I once received a really important, really private, very short tidbit of information via a subtly-clever use of a draft-saved, server-side message in a quotidian comms channel. No, I won’t go into details — sorry. But the point of that is that, if you are dealing with legit life-and-death shit, then there’s no magic security-perfect comms gadget that will get it from me to you with nobody seeing it, 100% confidence. To do that, you need to do alot of work, think alot about adversaries, study the subtle ways smart (read: “intelligence community”) people do in the field, etc. If you aren’t willing to do that, then you had best learn tradecraft: dead drops, etc. I know fuck-all of tradecraft, btw, so don’t ask me for advice on how to do it — I fucked up the only dead drop I ever tried to retrieve, which just goes to show.

And yes, I’m one of the founders of the “consumer VPN industry” — started our first company in that space in late 2006 (using openVPN), back when Relakks was still minting money with PPTP. Wait, they still are, aren’t they? Hahahaha. Anyhow, I know a little bit about (civilian) secure comms tech, and I also know how easy it is to do it wrong. <thumps chest>

~ ~ ~

Serious note: if you are someone reading this who actually wants to communicate with me, and has legit security concerns, here’s my advice. First, think about what you’re trying to keep secure, and from whom. Your identity? The content of your message? Against LEO (ie cops), or spies, or hate-group losers, or..?

Because, at one end of the spectrum, if you’re doing heavy work that a nation-state-level adversary wants to know about and you need to talk with me about that work without anyone knowing about it or you will be tortured to death (I’ve had a few of those convos over the decades), then you need to do alot of research before you ever ping me (or read this page!). I’ll reciprocate from my end if this is the level of play in your world, and I won’t drop the ball and leave you exposed.

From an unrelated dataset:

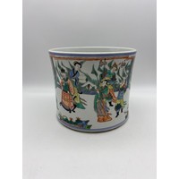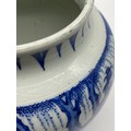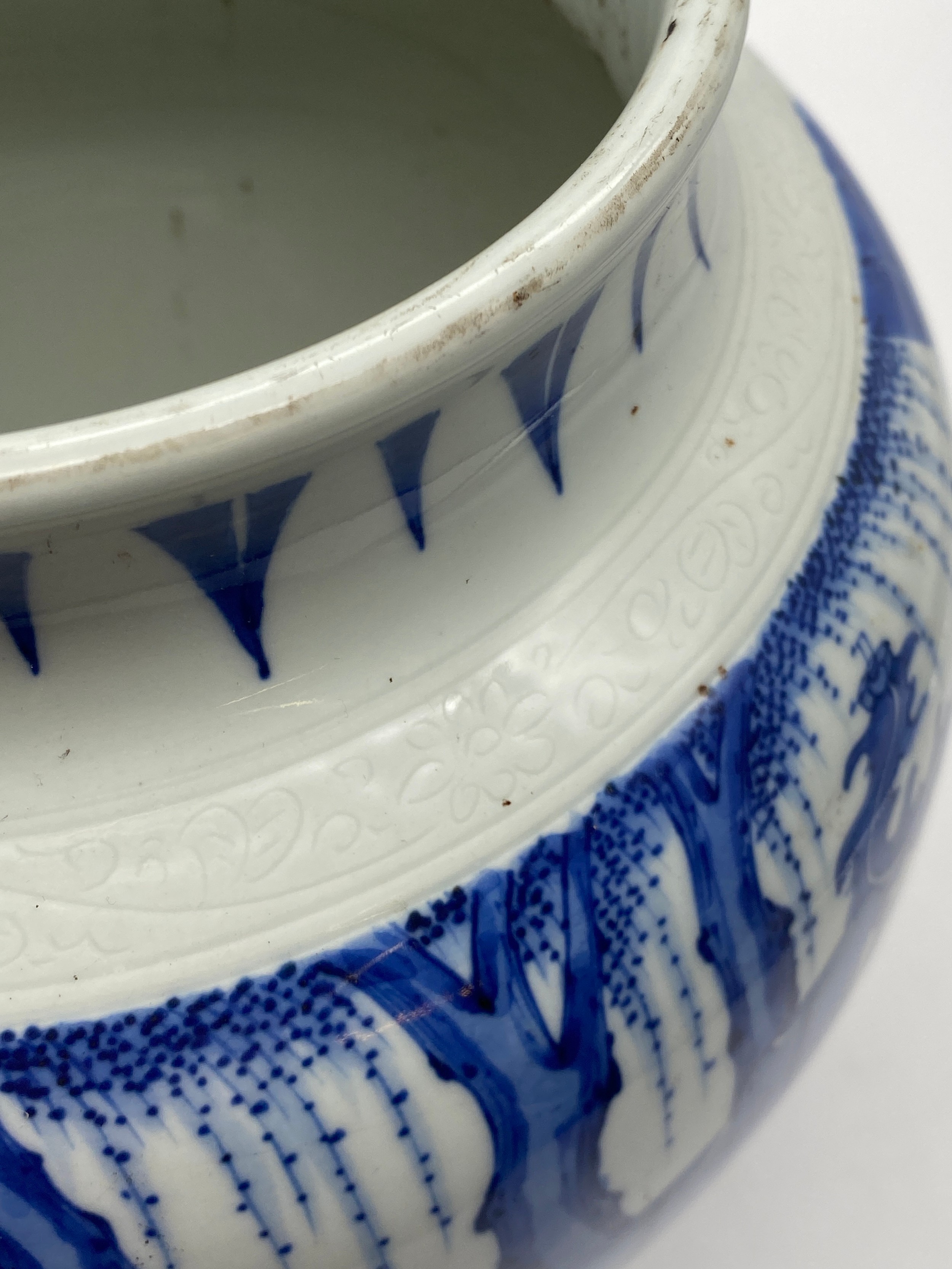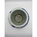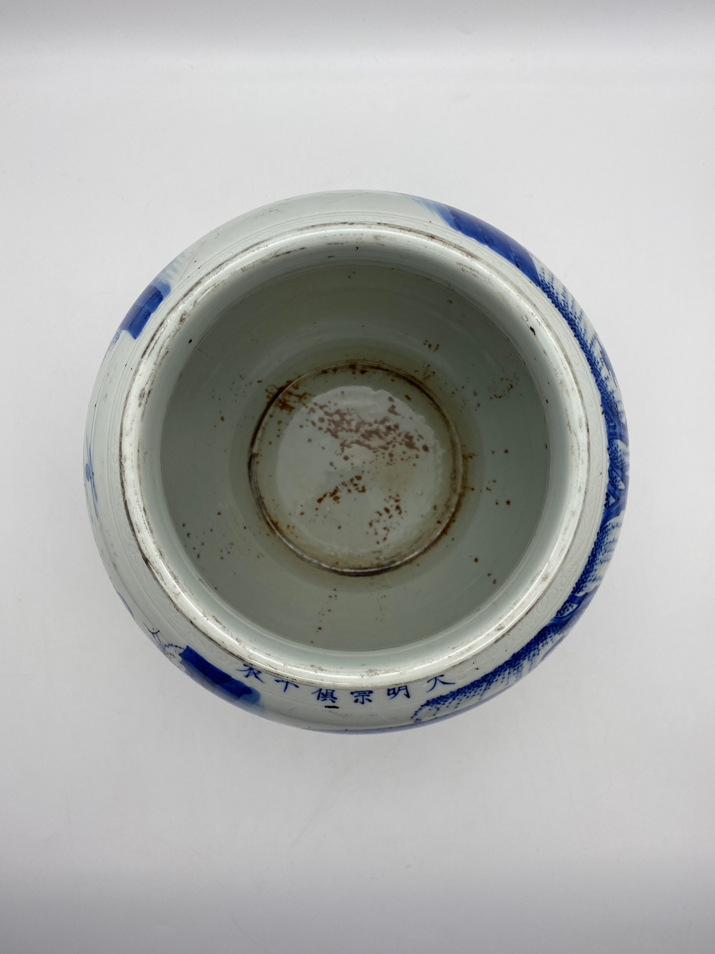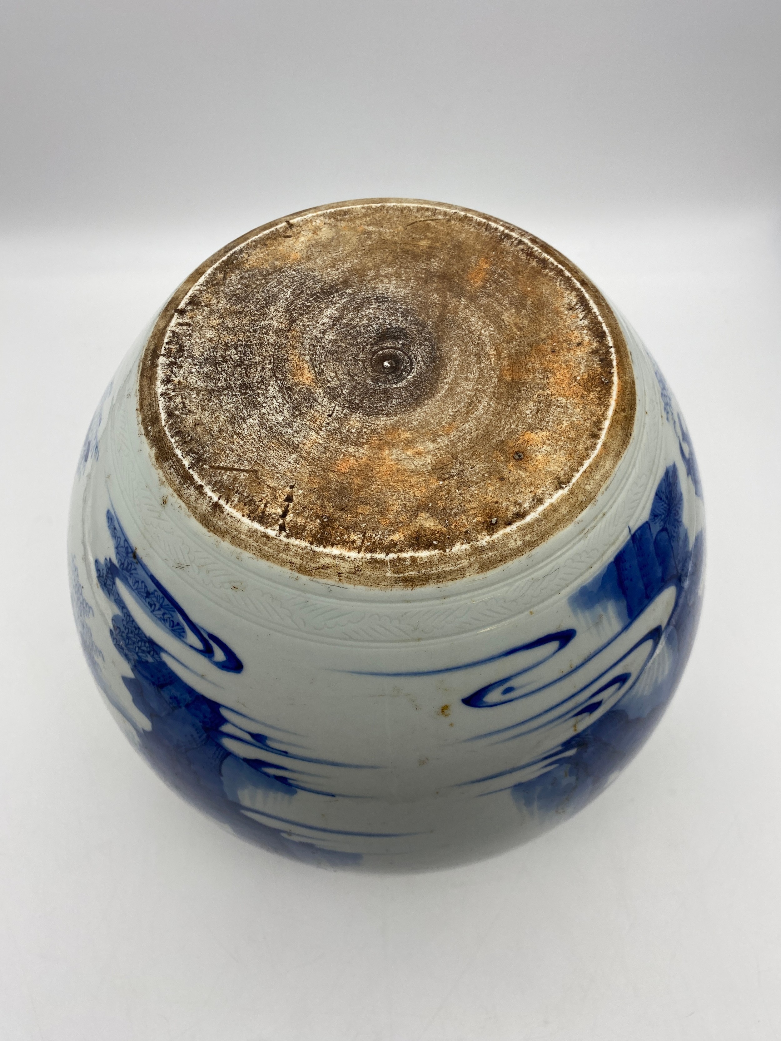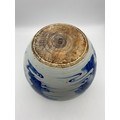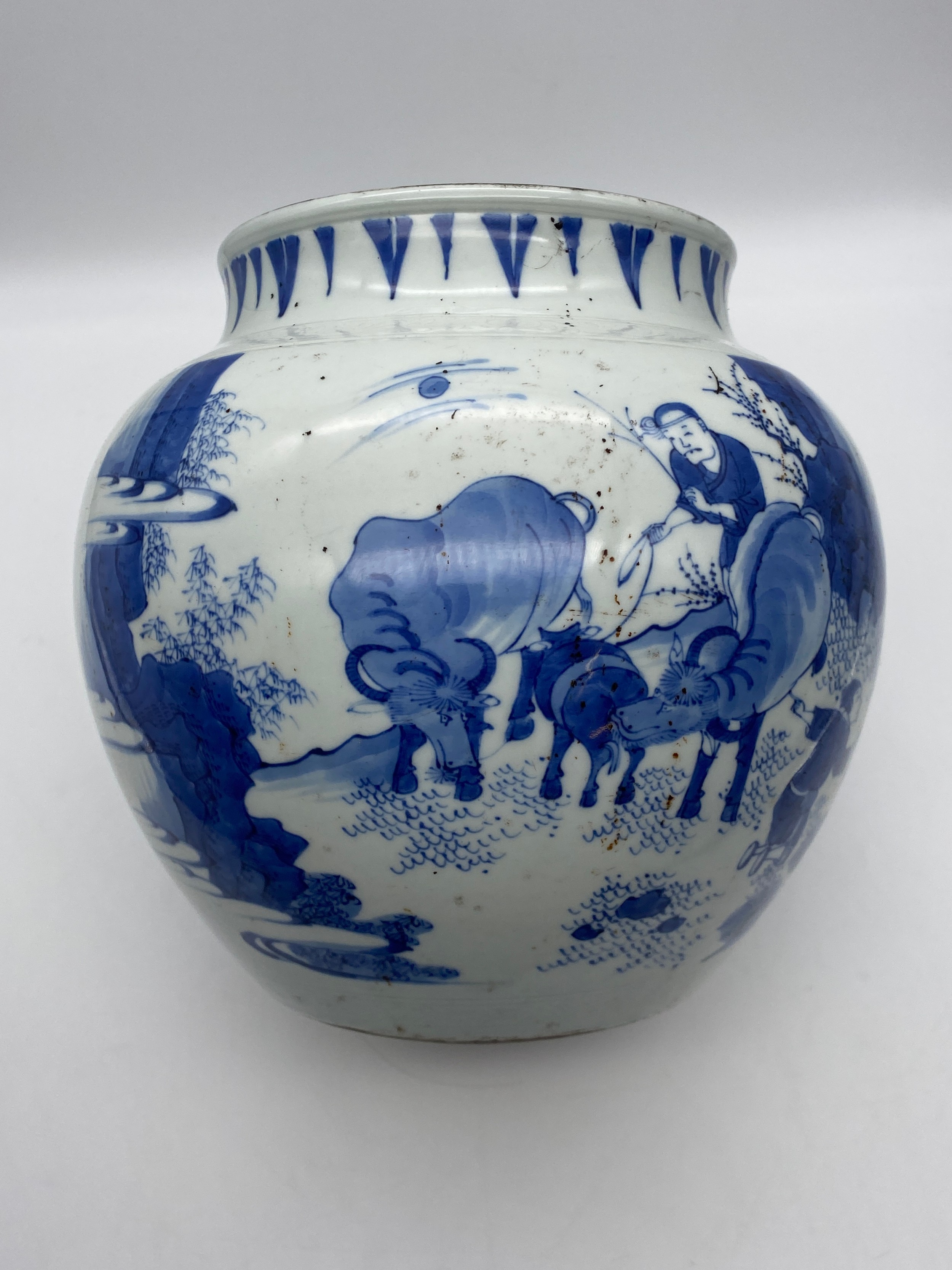 CHINESE BLUE AND WHITE BULBOUS VASE DECORATED WITH A DIGNITARY WITH ATTENDANTS HEIGHT 22.5CM APPROX

If — far more likely — you are a zoo who wants to talk about something, but doesn’t want to get outed or stalked by cowardly hate-bigots or have local cops sniffing around your butt because you are talking with me, then this is what I suggest:

  1. Get a free email account at a decently-secure place like ProtonMail (I hear good things, fwiw).
  2. If you have the technical chops (and yes it’s still a bit fiddly, sorry) to do VPN security, use cryptostorm for every connection you make to ProtonMail. But if this is not reasonable, honestly it’s not the end of the world for you to hit Proton from your home/mobile IP (because long boring threat modelling essay I will spare you the pain of reading).
  3. Get a message to me via whatever channel, innocuously — and ask me to make a ProtonMail account which I will gladly do and I’ll post that here (or in twitter, or whatever). Send me a message there, and we’ll talk. In terms of security, that doesn’t actually suck — and it’s not fiddly.

Alternatively, if you’re just paranoid enough that trusting ProtonMail not to be evil, or to be subverted by IC/spooks, or to be explicitly hacked by the NSA (and GRU, and APTs 1 to 1×10³), or perhaps if you (wisely) find the thought of relying on x.509 to enable TLS-layer cryptographic validation (and who hasn’t had cold sweats in the dark hours of the night when thinking about x-fucking-five-oh-nine-oh-God-we-trust-this-shit-also-ASN.1-which-holy-Jesus-on-a-sharp-stick..?), then this:

  1. Drink a cup of coffee, pull up a tutorial on PGP encryption, and learn the basics of public key cryptography. It’s got inherent complexity, because it’s functionally equivalent to magic — but you don’t have to learn the whole thing, just basically what the public key does and what the private key does.
  2. Do the same as above, wrt setting up a ProtonMail account (or any provider, really).
  3. Use my public key to manually encrypt whatever message you want to email to me.
  4. Include your own public key in the email you send me with the textblob that results from you encrypting your message to me.
  5. I’ll decrypt your message on a (moderately-hardened, best-effort) local machine, read it, reply, encrypt with your public key, and send the encrypted textbrick back to you.

Yeah, it’s a bit clunky compared to a quick DM in twitter — or to just using ProtonMail. But it actually is structurally much less vulnerable to a whole shit-ton of real, in-the-wild, these-really-work attacks that otherwise might be low-probability but are still not fantasy-land issues. Like: some disgruntled TAO genius pops Proton and injects horrific rootkits in their machines just to be an asshole, and despite end-to-end there’s obviously corruption of pushed binaries if you pwn the entire damned infrastructure via a gorgeous BIOS/CMOS subversion that the civilian world doesn’t have a name for yet, and blah blah blah… yes such things can happen, and you could in theory get caught in the crossfire of some APT-level battle or whatnot.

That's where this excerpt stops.